• [Exercise description] Only one stretch of the data should be retyped: the lines from the line containing "احصل على فلاشة" through the line containing "Popcorn shrimp hand". Keep pictures out of it.

START Records to use

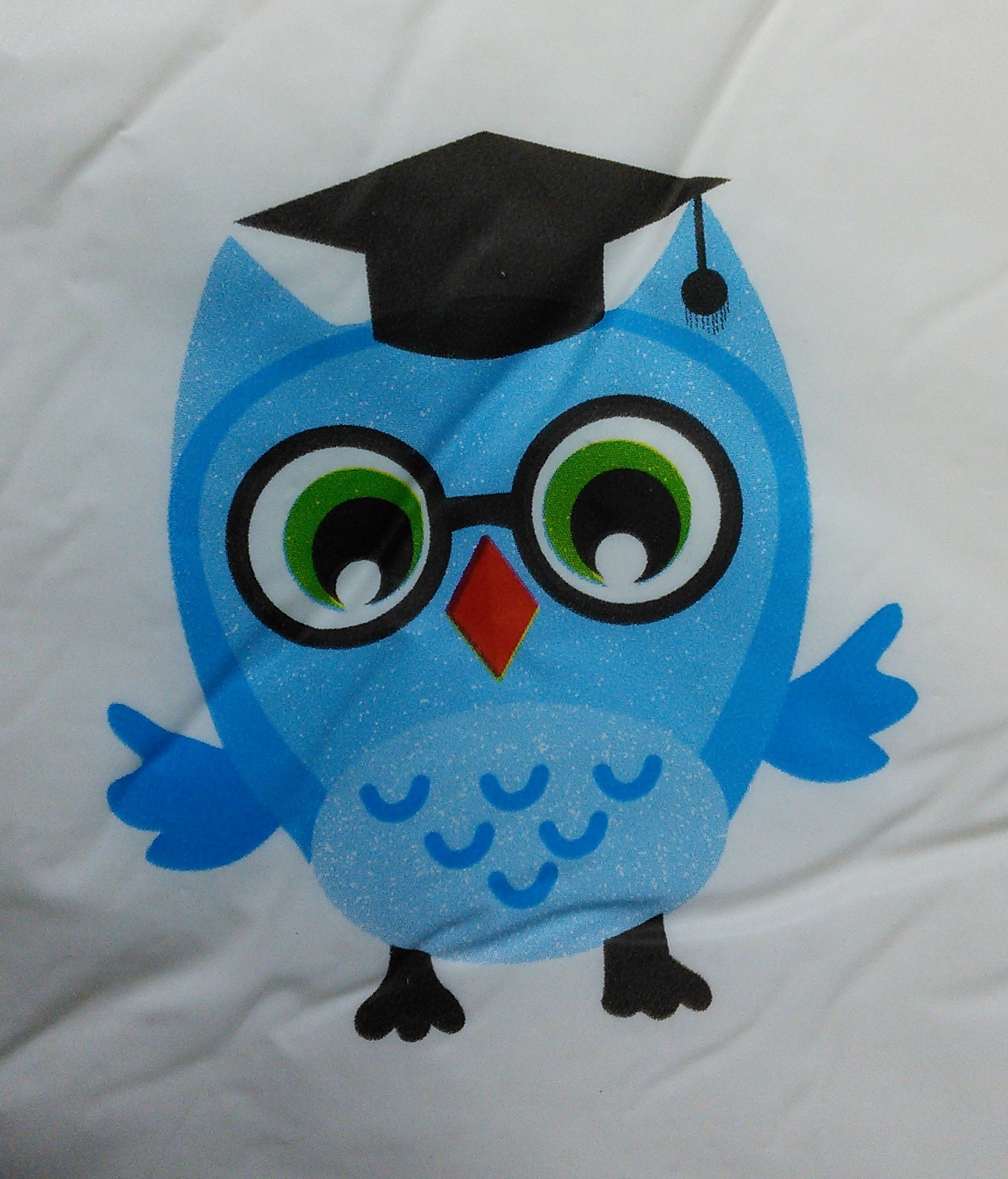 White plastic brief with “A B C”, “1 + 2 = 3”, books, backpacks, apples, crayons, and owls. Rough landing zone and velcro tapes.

END Records to use
START Records to use

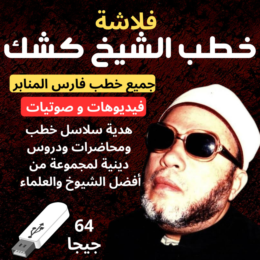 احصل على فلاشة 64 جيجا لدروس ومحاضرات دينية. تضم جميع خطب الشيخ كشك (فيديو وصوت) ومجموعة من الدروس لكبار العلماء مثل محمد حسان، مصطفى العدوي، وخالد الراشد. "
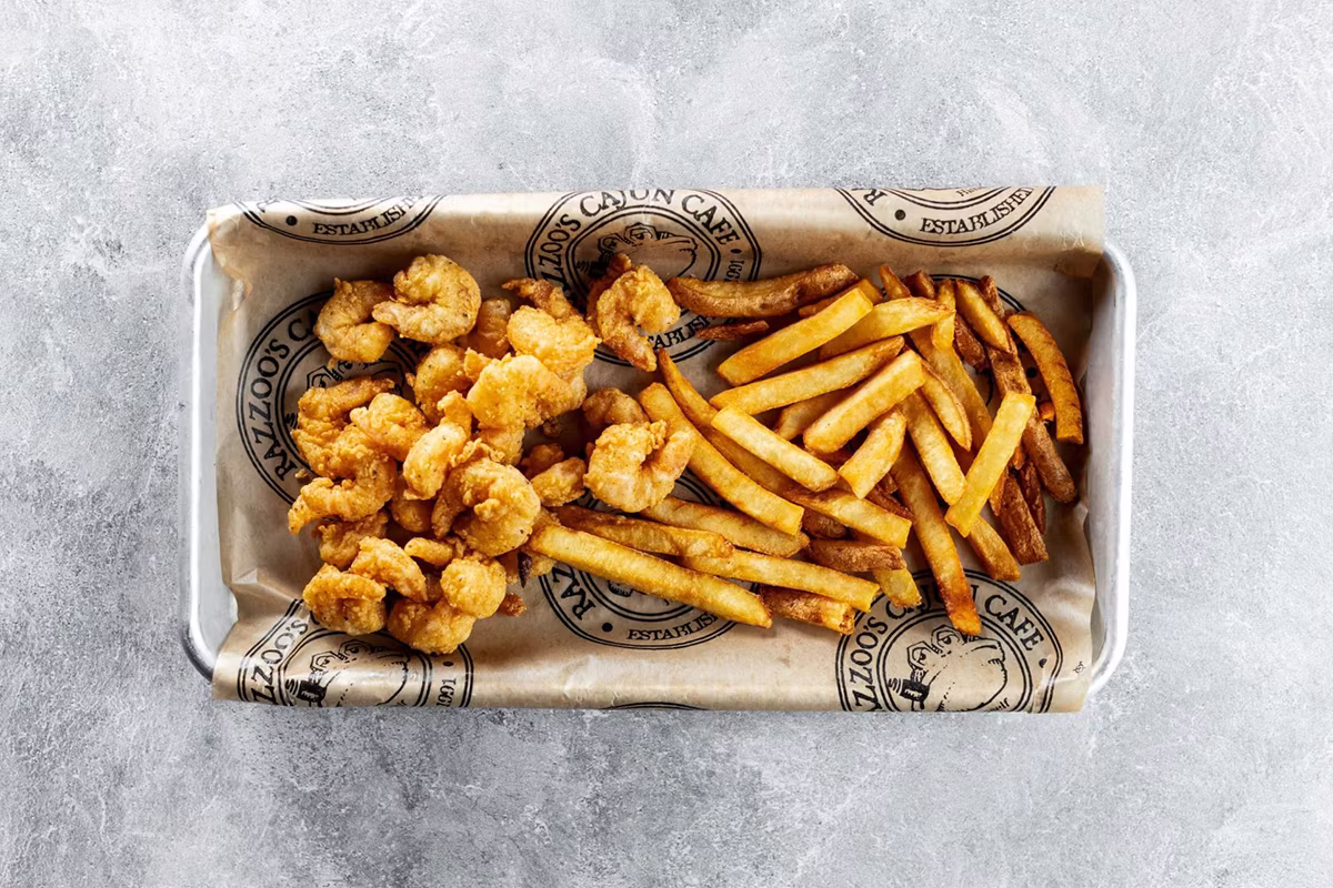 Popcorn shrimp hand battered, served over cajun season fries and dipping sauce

END Records to use
START Records to use

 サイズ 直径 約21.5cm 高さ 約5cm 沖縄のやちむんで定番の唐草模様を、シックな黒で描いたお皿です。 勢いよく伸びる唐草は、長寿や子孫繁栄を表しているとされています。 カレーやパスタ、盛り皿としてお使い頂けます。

END Records to use

• [Result below]
 احصل على فلاشة 64 جيجا لدروس ومحاضرات دينية. تضم جميع خطب الشيخ كشك (فيديو وصوت) ومجموعة من الدروس لكبار العلماء مثل محمد حسان، مصطفى العدوي، وخالد الراشد. "
 Popcorn shrimp hand battered, served over cajun season fries and dipping sauce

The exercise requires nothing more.